Use the appropriate volume, tone and rate. Raising your voice may only help to escalate the level of conflict or refusal. A child's emotions will often move closer to matching the perceived emotion of the adult giving the directive. Therefore, speaking in a lower volume will usually help to calm a situation down. He is likely to respond with a lower volume himself. Speaking just a little bit slower and using the right tone of voice can also help.
Give the directions and usually just one reminder before following through with consequences. Most children (unless there is a specific disability or difficulty that might get in the way of their understanding) understood the direction the first time. Continuing to repeat the direction over and over can escalate stress and refusals and result in a verbal battle of control.
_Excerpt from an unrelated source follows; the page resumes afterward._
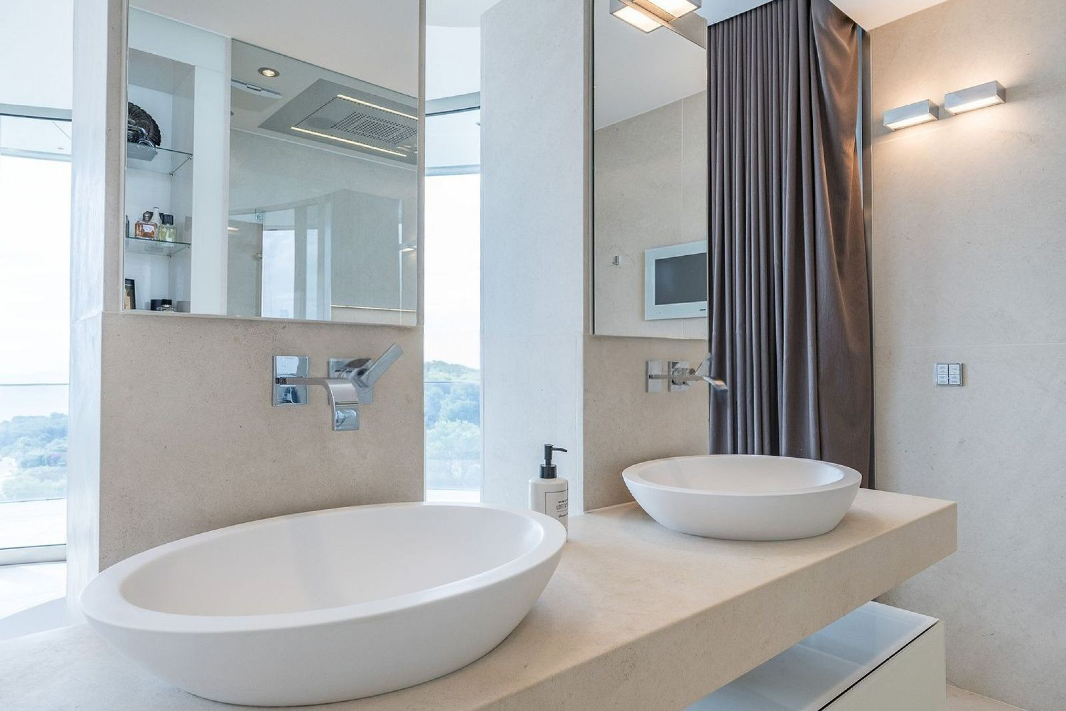 Интерьеры выполнены с использованием высококачественных материалов и элегантных отделок, придающих каждому пространству эксклюзивный характер. Открытая планировка обеспечивает естественное освещение и гармоничную связь с внешней средой.

Set limits. If the child doesn't comply with the directions, give her one redirection and let her know what the positive consequences are for following the direction and what the negative consequences are for not following it. If she does not follow the direction as requested the second time, follow through immediately with consequences that are meaningful to her.
Each child has something that is meaningful to them. Parents sometimes feel at a loss to find anything their child will work for because they have taken everything away and it does not seem to matter to the child. What matters to the child may be less obvious, like being left alone or being able to spend less time on chores.
If the child is given a second direction, provide a reasonable amount of time, like one minute, to make up his mind. Often children will take up the whole minute, but that has given them time to really think through the consequences and they wind up making a good choice.